Walking over, I have no idea who it is. You never do. -A set us up with partners sometimes to confuse the liars. This must be a time.
"Hello?" I call out, my voice rather shaky. I hope it's not Wren or Wesley, in the back of my mind I always felt a dull fear for them. I am relieved to see Elijah turn to face me, his brown eyes lighting up when he caught my gaze. We were always close, and we joined the game at the same time. The bad news is Eli still thinks -A is in the right and Emily is in the wrong. -A completely brainwashed him. I was under its spell for a very long time. In my darkest hours of depression, -A took advantage of me. I hated it for that.
I was about to speak when both our phones buzzed.

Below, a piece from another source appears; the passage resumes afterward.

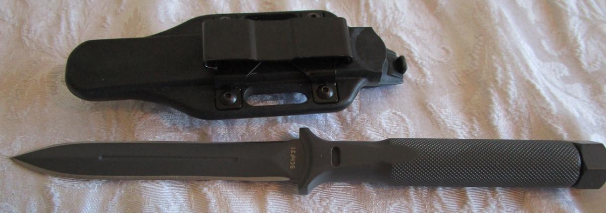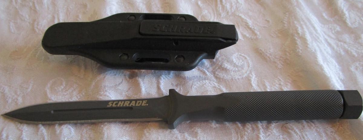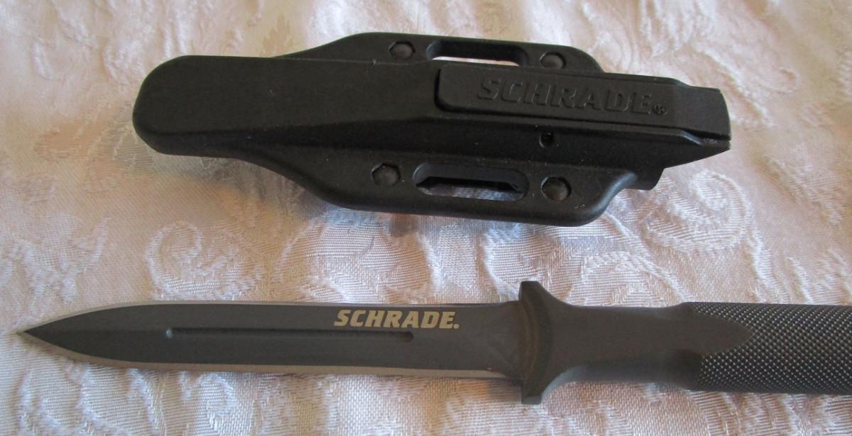 Schrade 1-piece, deep-forged, double-edged knife with hard plastic belt sheath

Hanna and Emily are at Emily's house. Corner them in and confuse them. -A
I felt my heart race quickened as it always did with the adrenaline I was about to receive. I glanced at Eli, who was grinning down at his phone. I felt sick to my stomach. He truly wants to hurt Em. I thought to myself. I shook the thoughts out of my mind as Eli started to walk in the direction of his house. I quickly caught up.
"Isn't your mom home?" I whispered to him, the thought of Pam Fields finding out her own son was destroying her daughter made my throat close up.

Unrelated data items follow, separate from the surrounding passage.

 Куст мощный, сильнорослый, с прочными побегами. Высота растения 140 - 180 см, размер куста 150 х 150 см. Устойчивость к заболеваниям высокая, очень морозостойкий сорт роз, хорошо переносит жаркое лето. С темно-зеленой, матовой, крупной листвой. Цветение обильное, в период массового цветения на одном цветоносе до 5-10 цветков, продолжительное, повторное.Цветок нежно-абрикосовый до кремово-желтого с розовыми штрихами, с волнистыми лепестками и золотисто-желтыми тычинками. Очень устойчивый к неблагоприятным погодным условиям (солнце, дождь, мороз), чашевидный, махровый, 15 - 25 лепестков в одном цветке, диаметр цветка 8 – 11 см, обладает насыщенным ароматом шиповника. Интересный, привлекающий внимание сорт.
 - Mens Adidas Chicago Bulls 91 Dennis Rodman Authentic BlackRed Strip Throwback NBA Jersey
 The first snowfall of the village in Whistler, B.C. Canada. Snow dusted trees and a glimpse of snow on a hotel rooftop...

"No, she's out with a few friends tonight. Army wives get together or something." He grumbled out. I looked at him with sorry eyes, but he wasn't looking at me, he was focused on the route ahead.

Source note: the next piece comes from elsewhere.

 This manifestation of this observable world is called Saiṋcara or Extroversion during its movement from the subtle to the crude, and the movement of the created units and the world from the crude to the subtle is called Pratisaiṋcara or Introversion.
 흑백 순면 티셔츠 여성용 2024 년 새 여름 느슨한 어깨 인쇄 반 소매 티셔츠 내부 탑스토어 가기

I focused, planning out what we should do and then voicing it to Eli. "So we need a plan for this. I say I climb through the window, and you go through the front door. I'll go in first so they get scared by me then you sneak in and corner them off by the bedroom door. After that we just knock them out, by the brunt of my gun, and then carry them somewhere like the park. Freak 'em out a little."
Elijah calculated the plan in his mind, then nodded, his dark hair bouncing on his head. "Sounds good to me. "
We arrived at his house with little to no more talking. He seemed in a bad mood and I didn't want to push it. I could hear my sister's laughter from down below, where I was putting on my black mask/head covering. I felt the familiar pang of jealousy. I could be doing that with my friends if Mona hadn't dragged me into this game. I felt anger surge to my heart, burning in my chest. I used it as fuel as I went to the side of the Fields household and went to the electrical box hidden in a small shed. Without thinking twice I shut off their power.